__EXERCISE INSTRUCTIONS__:
From the records that follow, return exactly the lines beginning at the one that contains "La visita del" and ending at the one that contains "Os seus conteúdos", pictures left out.

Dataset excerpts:
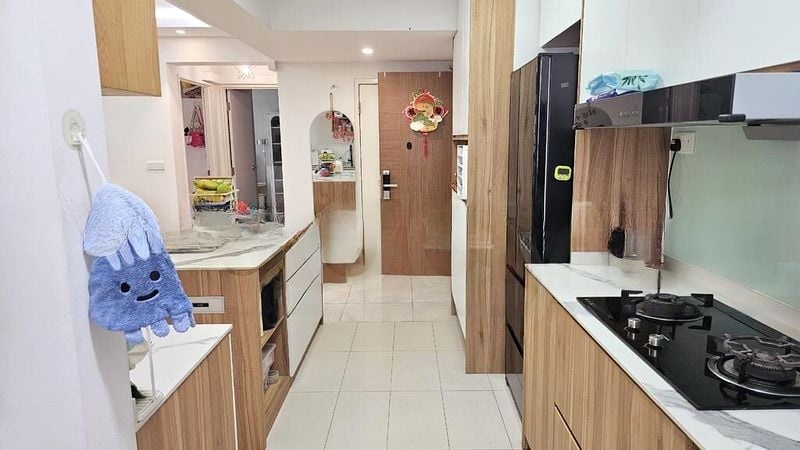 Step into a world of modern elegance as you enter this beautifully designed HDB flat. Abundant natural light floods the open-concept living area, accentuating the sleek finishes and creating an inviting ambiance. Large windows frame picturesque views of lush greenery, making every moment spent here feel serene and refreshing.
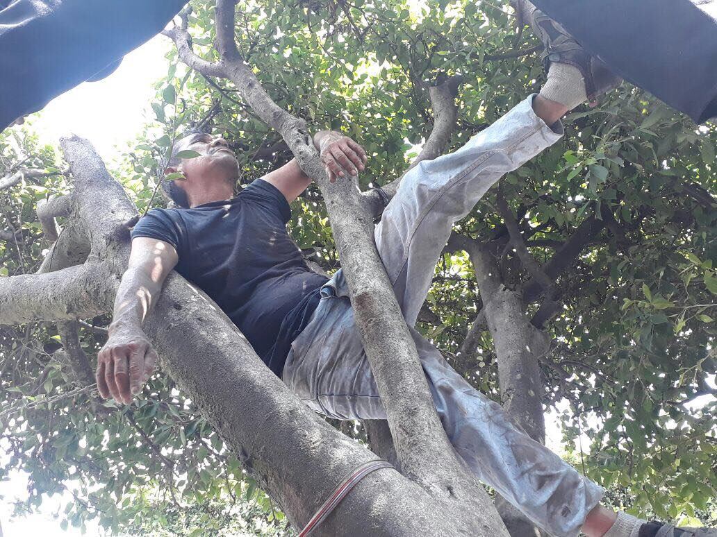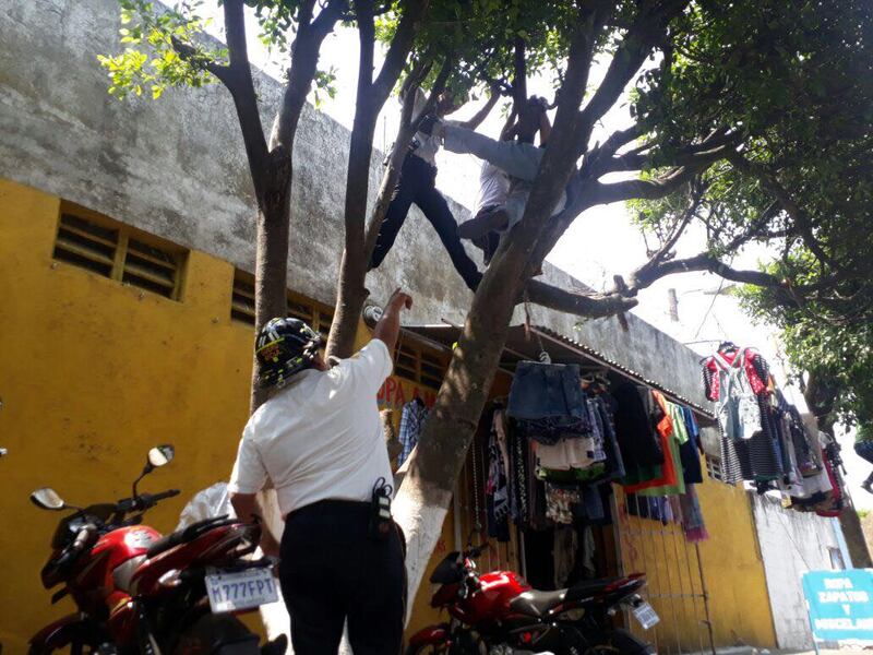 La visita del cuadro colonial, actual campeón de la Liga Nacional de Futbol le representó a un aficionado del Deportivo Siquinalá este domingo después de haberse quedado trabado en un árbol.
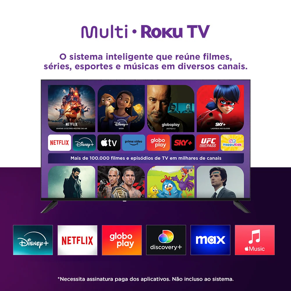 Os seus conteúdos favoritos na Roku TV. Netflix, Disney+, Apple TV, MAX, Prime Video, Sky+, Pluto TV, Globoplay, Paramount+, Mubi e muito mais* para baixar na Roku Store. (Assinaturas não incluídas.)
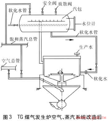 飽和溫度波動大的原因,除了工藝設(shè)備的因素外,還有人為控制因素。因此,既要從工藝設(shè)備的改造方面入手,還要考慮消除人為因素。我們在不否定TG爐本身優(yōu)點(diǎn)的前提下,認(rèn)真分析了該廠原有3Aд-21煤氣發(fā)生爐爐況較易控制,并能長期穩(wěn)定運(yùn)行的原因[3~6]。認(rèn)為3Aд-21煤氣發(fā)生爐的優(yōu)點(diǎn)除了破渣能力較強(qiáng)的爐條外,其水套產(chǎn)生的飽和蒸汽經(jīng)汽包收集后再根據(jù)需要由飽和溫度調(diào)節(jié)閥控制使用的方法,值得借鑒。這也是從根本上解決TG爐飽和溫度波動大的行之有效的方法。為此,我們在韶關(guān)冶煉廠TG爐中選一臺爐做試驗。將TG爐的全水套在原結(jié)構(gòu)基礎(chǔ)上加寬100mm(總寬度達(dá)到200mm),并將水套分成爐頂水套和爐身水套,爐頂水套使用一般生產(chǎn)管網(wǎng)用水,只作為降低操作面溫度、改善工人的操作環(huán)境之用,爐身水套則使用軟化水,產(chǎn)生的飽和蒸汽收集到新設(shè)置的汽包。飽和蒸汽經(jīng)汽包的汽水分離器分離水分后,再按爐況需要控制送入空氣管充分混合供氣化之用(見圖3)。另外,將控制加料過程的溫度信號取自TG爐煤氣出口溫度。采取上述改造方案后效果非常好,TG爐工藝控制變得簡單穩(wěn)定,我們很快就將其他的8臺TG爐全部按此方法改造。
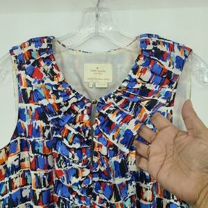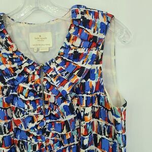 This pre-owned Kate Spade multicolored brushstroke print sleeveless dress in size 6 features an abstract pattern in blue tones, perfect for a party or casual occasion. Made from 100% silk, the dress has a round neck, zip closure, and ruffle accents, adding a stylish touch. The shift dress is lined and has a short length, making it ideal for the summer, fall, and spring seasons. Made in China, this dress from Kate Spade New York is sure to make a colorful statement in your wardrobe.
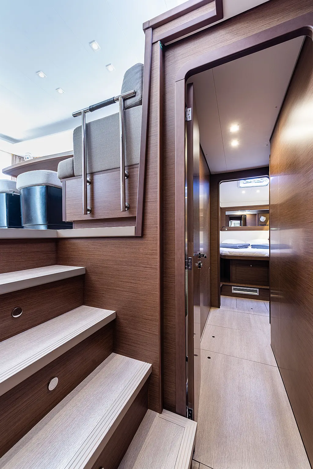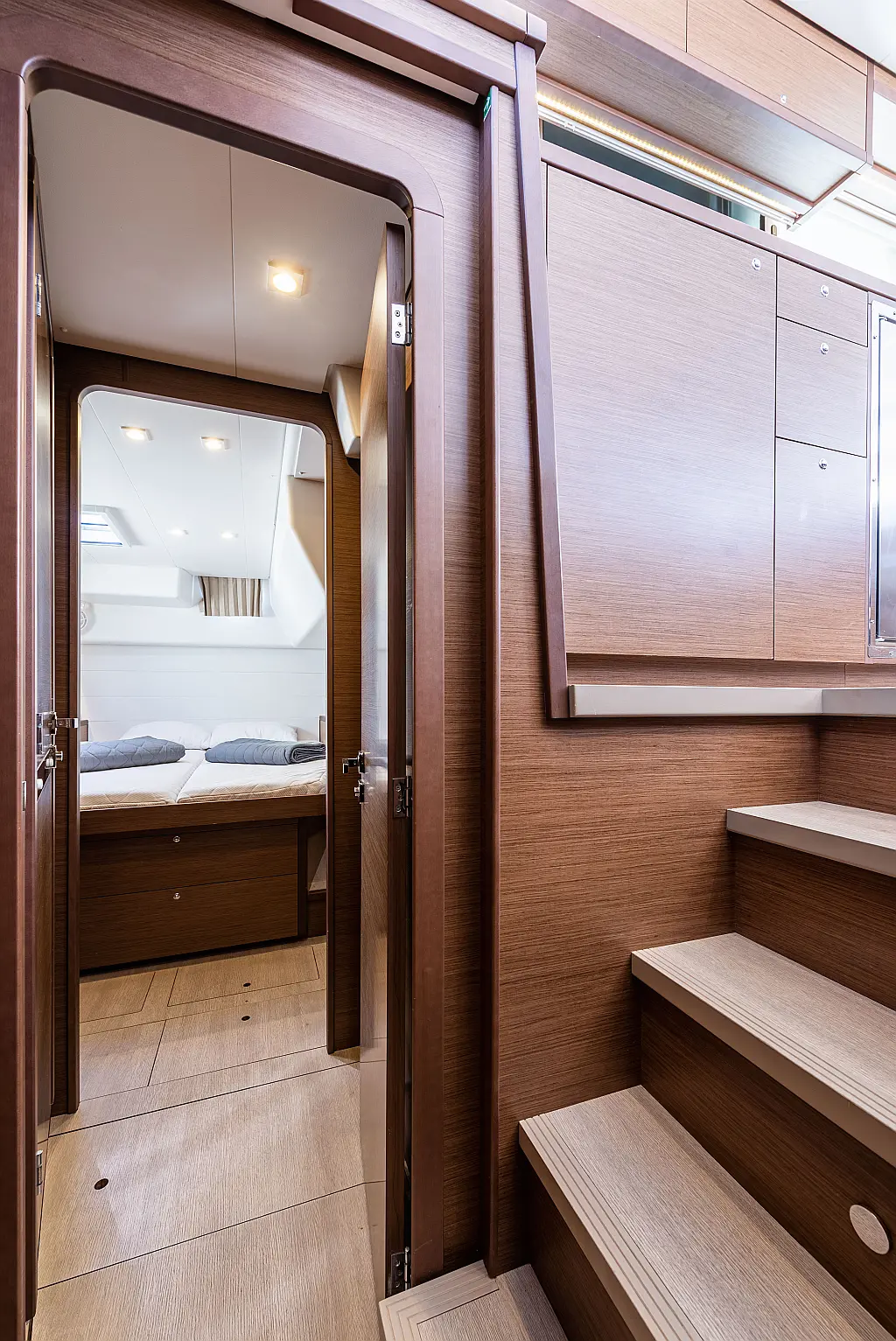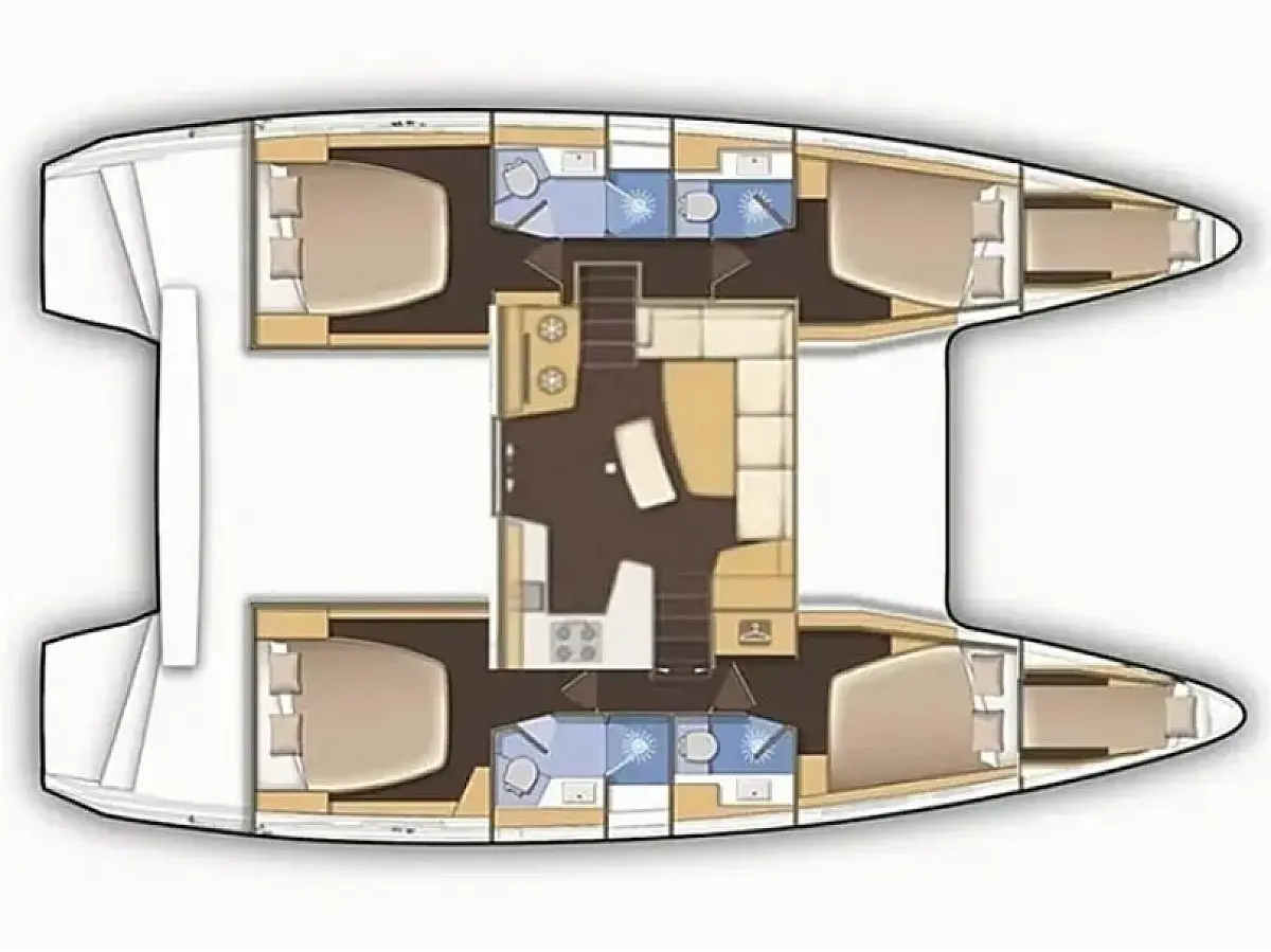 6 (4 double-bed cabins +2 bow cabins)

__WRITTEN ANSWER__:
 La visita del cuadro colonial, actual campeón de la Liga Nacional de Futbol le representó a un aficionado del Deportivo Siquinalá este domingo después de haberse quedado trabado en un árbol.
 Os seus conteúdos favoritos na Roku TV. Netflix, Disney+, Apple TV, MAX, Prime Video, Sky+, Pluto TV, Globoplay, Paramount+, Mubi e muito mais* para baixar na Roku Store. (Assinaturas não incluídas.)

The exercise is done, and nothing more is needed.